When Out There was announced for mobile platforms back in 2013 it seemed like it had the chance to become another of the growing list of indie space games that, for the most part, have done an excellent job at capturing the dangers of science fiction space travel and space combat. Since these sort of games are kind of my jam, I went out of my way to pick it up for iOS as soon as humanly possible.
What I got, though, was not what I was expecting. I had been picturing a less combat focused FTL, and instead what I got was a brutal survival simulator, one that despite being surprisingly simple to wrap my head around wound up being one of the most difficult games I’ve ever played.
Here’s what I know about the game. If you run out of fuel or oxygen, you die. If your ship breaks, you die. You need to visit planets and stars to mine minerals and harvest fuel, and sometimes doing that can kill you. There are multiple endings, and I have no idea what they are because I’ve never made it to them. There’s a dozen or more technologies that you can obtain and build, but you need to re-obtain them every time you play. There are derelict alien ships you can sometimes find. There’s an entire alien language which you come across in random events, and sometimes you get translations for specific words, and when you die you lose those translations. You can write them down, if you want, and eventually you could manually translate every alien word yourself.
It has a simple science fiction setup and then throws you into the deep end of the pool, and you will likely drown. Over and over and over. And it’s awesome.
It was a choose your own adventure rogue-like when it launched on mobile, and almost from the start I remember wishing it had a PC release of some kind. It’s great as a mobile game. There’s no real action, so being interrupted while playing on a bus or something isn’t a huge deal, but still, I wanted to be able to play it from the comfort of my chair, whenever I felt like.
So the Omega Edition, a Steam release, seemed like it could be nice.
And it is nice. There’s some problems, though.
The in-game hints still read like a mobile game. They refer to ‘tapping’ instead of ‘clicking’ or ‘selecting’. Accidentally hitting ‘continue’ from the menu stuck me in a frozen screen that prompted a dialogue box that can through what seemed like a standard interactive tutorial, except there was nothing to interact with, and once I clicked through to the end I couldn’t leave the screen or remove the now-empty dialogue box.
During a random event that read like it was supposed to throw me to a random position on the star map my ship became frozen in place, breaking the camera and distance display. When I managed to click around until I could find a star I could move to, I tried to harvest resources to keep playing, only to have the resource menu simply vanish, and leave me stranded in a solar system of layered, displaced graphics, which ended that particular run.
There’s some issues, is what I’m saying.
But the beauty of Out There is that any playthrough is short, and can be over in a matter of minutes. So being forced to restart the game was barely a thing, in the long run.

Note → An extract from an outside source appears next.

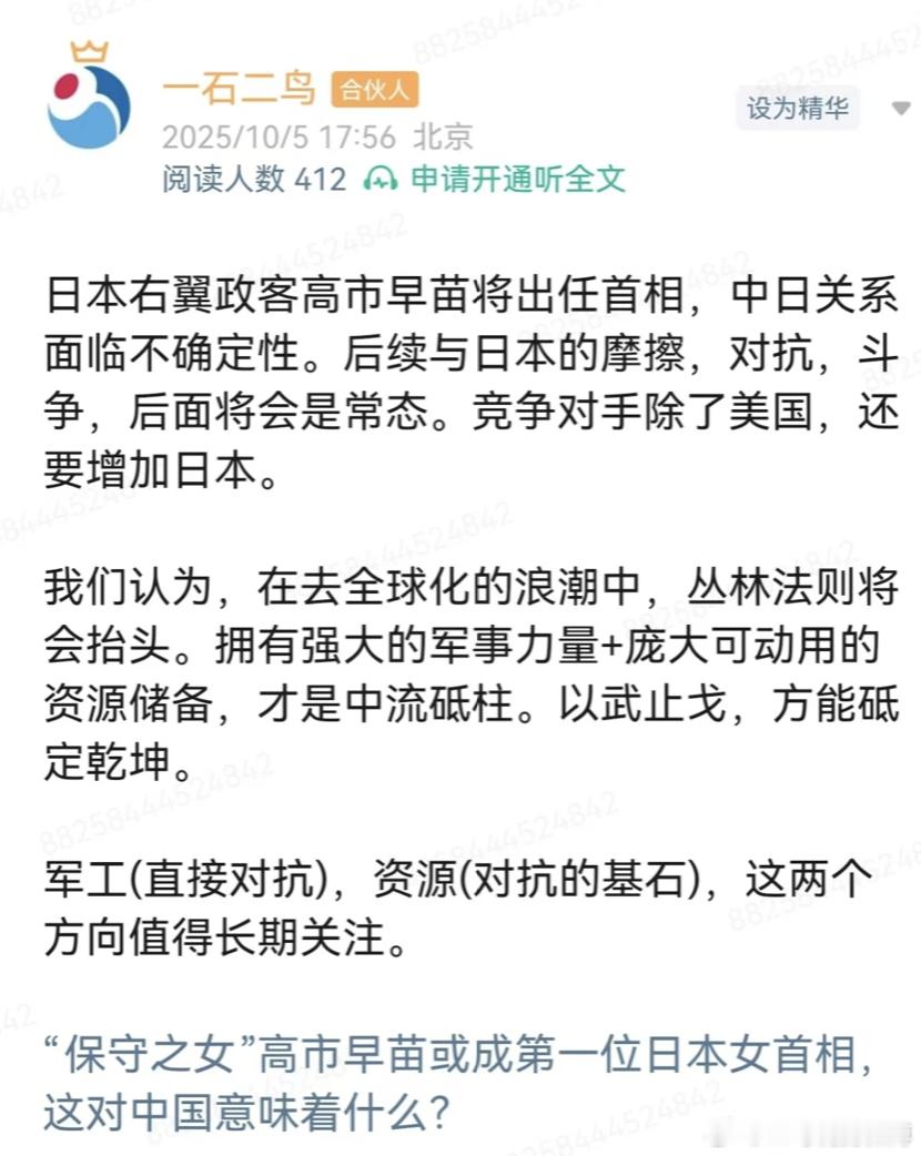 这个女人很麻烦早在高市早苗正式上台之前,我就知道这个女人很麻烦。因为她是一个彻头彻尾的右翼份子。中日关系现在这种状况,完全在我们预期之内。这意味着日本赤膊上阵,后面与日本的斗争、对抗将是常态。竞争对手除了美国,还要加上日本。拿什么教训本子?首先当然是强大的军事力量。之前我们就说过,军工是未来五年可以长期做的方向。其实,还有一点容易被忽视。那就是强大的综合国力,体现为可以调动的资源储备。不仅是战争资源储备,还包括民用资源储备。这是进行对抗的基石。左手军工,右手资源,未来几年吃不了大亏。军工的话,与其他行业还是有一些区别的。一是与基本面的关系不是太大,往往由事件驱动。二是与大盘走势关联度不大,而且经常是逆向波动。大盘涨的时候一般不会同步涨。三是波动比较大,适合波段操作。跌的时候要敢买,涨的时候要舍得卖。
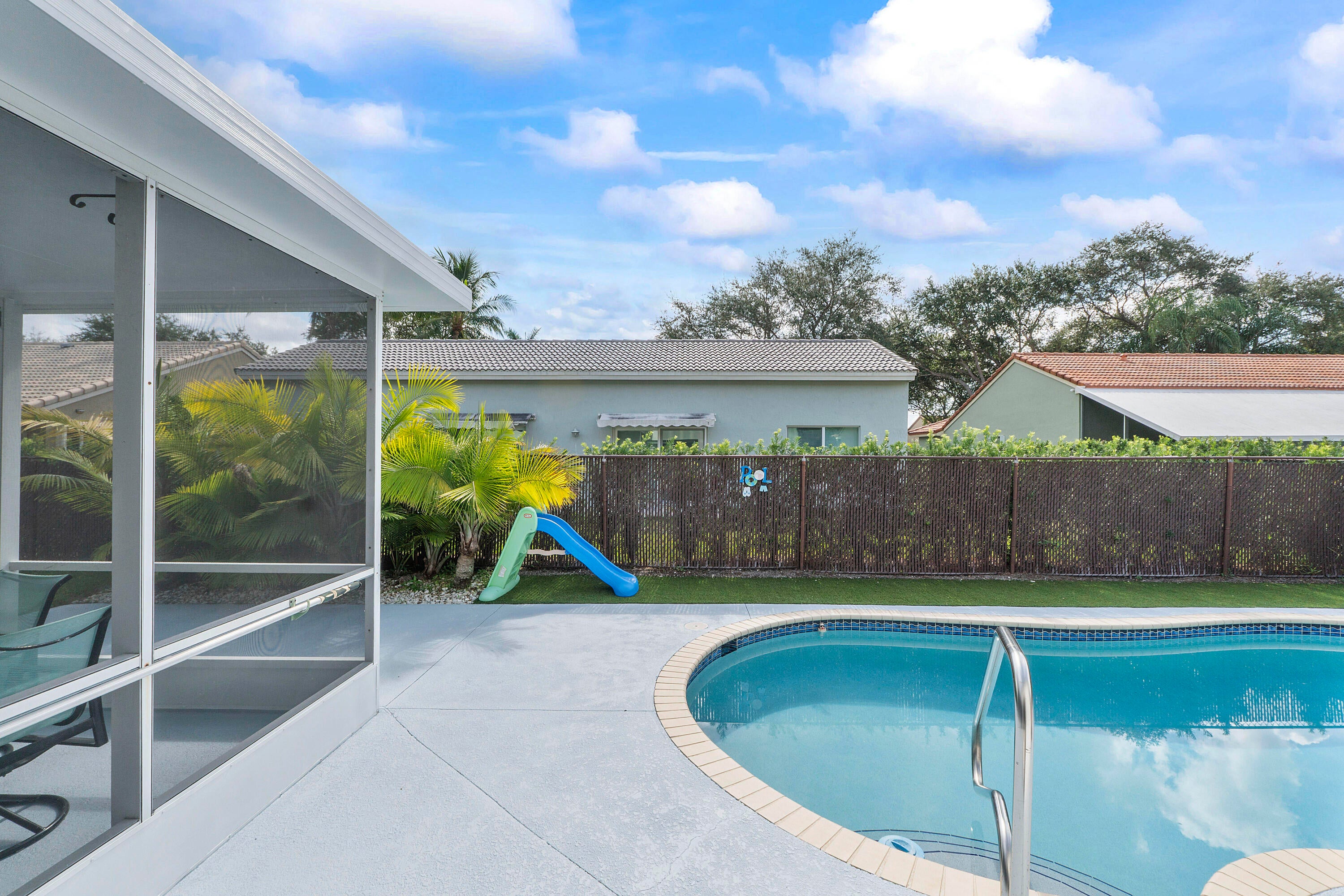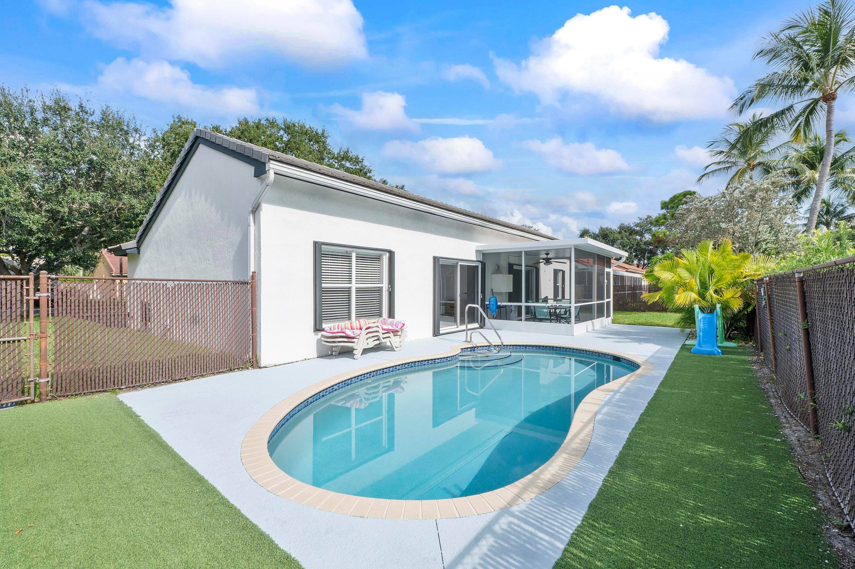 Impeccably Maintained Home in Sunrise Estates - Winston ParkThis move-in ready home has been meticulously cared for, featuring a split floor plan and soaring cathedral ceilings. The interior boasts quartz countertops in the kitchen, a marble bath vanity with an oversized tub in the master bathroom, ceramic tile throughout with wood flooring in the bedrooms, all enhanced by fresh paint.Step outside to a fully fenced yard and enjoy a 5-foot deep heated fresh-water pool redone in 2017, with LED changeable lighting and a new pump installed in 2025 surrounded by pristine astro turf in a totally fenced in backyard. The 10 x 15 screened-in back patio is perfect for relaxing or entertaining.Additional features include a 7-car driveway recently resealed, exterior motion lighting, accordion hurricane shutters, and an interior police/fire alarm system. Conveniently located with easy access to I-95, the Turnpike, and Sawgrass Expressway, and just minutes from a fire/police substation and community center, this home offers both comfort and convenience. Situated in a top school district within a quiet, friendly neighborhood, Sunrise Estates in Winston Park is a place you'll be proud to call home.

Chances are I would have died before reaching the end, so it wasn’t nearly as much of a problem as that sort of thing could have been in almost any other game.
I’ve only encountered these issues once, and have been unable to reproduce them at all. And if the updates are anything like the mobile version, I’m sure they’ll soon be fixed. And even if they aren’t, they aren’t nearly enough of a problem to detract from the game as a whole.
I’m sort of enchanted with Out There. It’s difficult in the sort of way something like Dark Souls is difficult, but the controls are simplistic enough that it’s difficult to get frustrated. It’s merciless and relentless in how it tries to kill you, and honestly, if you woke up all alone, in space, on a ship ready to come apart at the seams? You’d probably die just as quickly as you will playing this.
Out There: Omega Edition is challenging, and despite encounters with a few bugs, it’s interesting, fun, intuitive, and quick to pick up and play.
This review is based on a code sent to SideQuesting by the publisher.